On June 26, 2017, Florida's Governor Rick Scott approved HB 1237, which amended Florida Statutes, Chapter 718. ––– Don't Risk Being Fined, You Had Until January 1, 2019, to Comply. Here is your Florida Condo Association Website Compliance Checklist
Are you familiar with Florida’s legal requirement that Condo Associations have websites? If not, your lack of knowledge could get you into BIG TROUBLE!
Read on and learn about:
- The ins and outs of Florida Statutes, Chapter 718
- Updates and proposed updates to the statute
- How your Association can get into trouble according to the Florida Association Regulation
- How much these fines will cost your Association
- How YKMD can get your Association compliant in 3 easy steps
On June 26, 2017, Florida’s Governor Rick Scott approved HB 1237, which amended Florida Statutes, Chapter 718. This statute explicitly requires condo associations with 150+ units to have a website and make official records digitally available on their website.

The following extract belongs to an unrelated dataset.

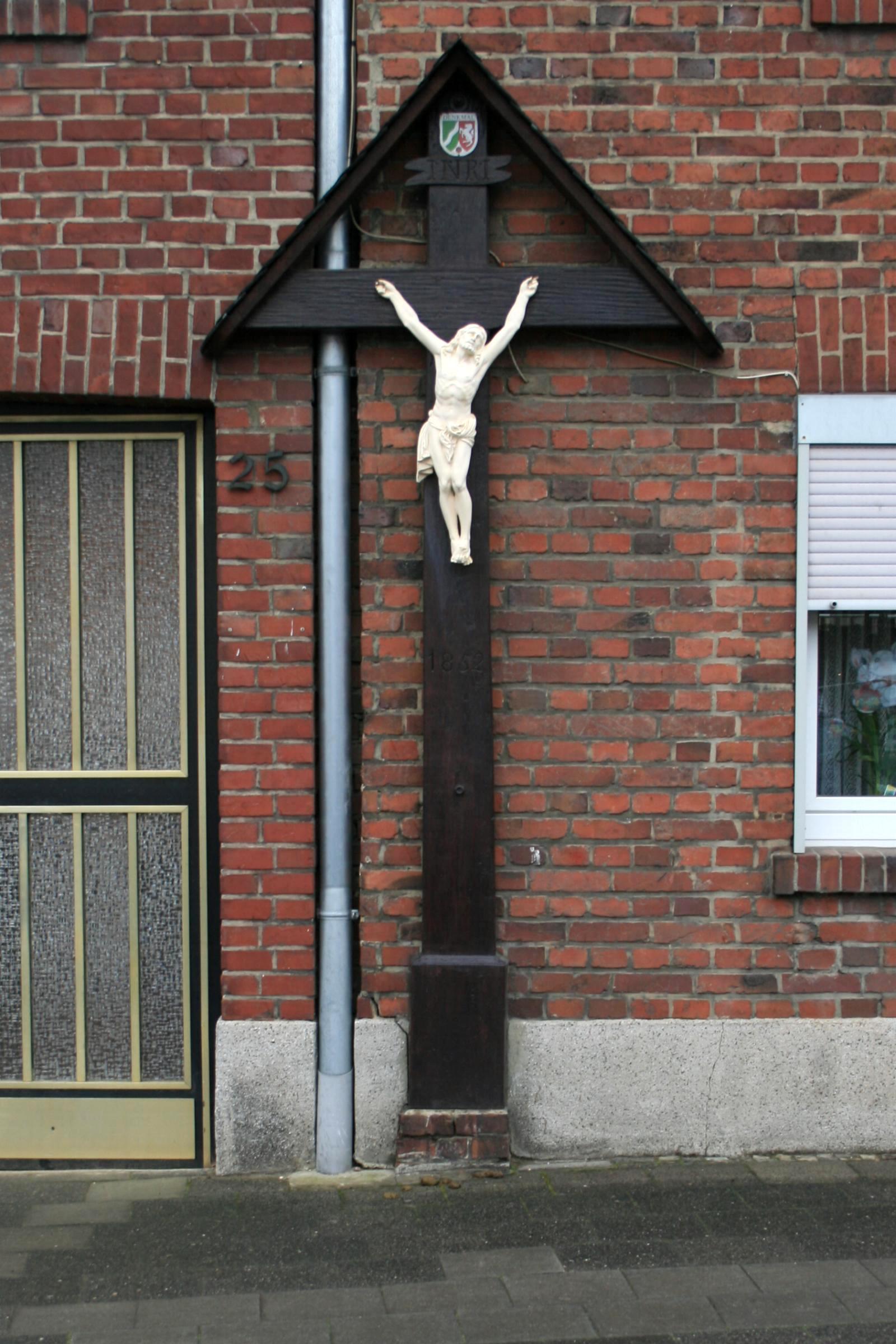 Standort: Das Wegekreuz hat seinen Standort am Markt 25, in der Stadt Hückelhoven. Das Holzkreuz steht mit der Nr. 97 in der Denkmalliste der Stadt Hückelhoven unter Denkmalschutz. Beschreibung: Bei dem Objekt handelt es sich um ein ca. 3,25 m hohes Holzkreuz mit einem Holzkorpus und einer Überdachung. Das Kreuz stammt aus dem Jahr 1852. Eine Restaurierung fand im Jahre 1986 statt. Quellenhinweis: * Denkmalliste Hückelhoven, Nr. 97, Eintrag: 30. April 1987 * Dritte Ausgabe 1994: Handbuch des Bistums Aachen ISBN 3-87448-172-7 S. 773

UPDATES to the law Since June 26, 2017
April 20, 2018:
Florida’s Governor Rick Scott approved SB 841, which makes additional changes to the website requirements added to Florida Statutes, Chapter 718, in 2017. Specifically, SB 841 extended the deadline from July 1, 2018, to January 1, 2019.
You can download a copy of SB 841 in its entirety from the Florida Senate website here.
March 1, 2020:
HB 623, HB 1317, SB 1154, and SB 1752 are all bills proposed to modify Florida Statutes Chapter 718. Some of the proposed amendments include lowering the minimum number of units governed under the website requirement from 150 to 25. Additionally, these proposed amendments would require mobile-friendly websites and likewise require documents to be available to mobile users.
So, Why Should You Even Care?
HINT, HINT…It all boils down to the fines!!!
All the potential penalties that the Division of Florida Condominiums, Timeshares & Mobile Homes could levy against an Association for violating this statute is listed in Florida’s Administrative Code 61B-21.003(7).
There are three (3) categories of fines that could be levied: Minor, Major Category 1, and Major Category 2.
These fines cover a wide range of statutory violations, including those related to Board, Budget, Elections, Records, Reporting, etc.
Minor Violations have a penalty range of $1 – $5 Per Unit ($2,500 Max) and include:
- Failure of amendment to declaration or bylaws to contain full text showing underlined or language, etc.
- Failure to maintain corporate status
- Failure to provide notice of the annual meeting not less than 14 days prior to the meeting
- Failure to maintain a copy of recorded bylaws and amendments
Major Category #1 Violations have a penalty range of $6 – $10 Per Unit ($5,000 Max) and include:
- Failure to include reserve schedule in the proposed budget
- Failure to provide year-end financial statements timely
- Failure to maintain minutes of meetings
Major Category #2 Violations have a penalty range of $12 – $20 Per Unit ($5,000 Max) and include:
- Failure to maintain sufficient accounting records
- Failure to provide the annual financial report
Even considering all of the amendments to the statute, YKMD websites go beyond the technical requirements of Florida Statute 718 and its amendments to ensure that you are not fined under Florida’s Administrative Code 61B-21.003(7). YKMD provides websites to Florida condo associations and HOAs. We welcome any new associations that could benefit from our first-rate services. Our websites designs are 100% responsive and fully functional, whether you are using a desktop, laptop, tablet, or mobile device. You can rest assured knowing that YKMD can effortlessly manage the content requirements of your association’s website, according to Florida law.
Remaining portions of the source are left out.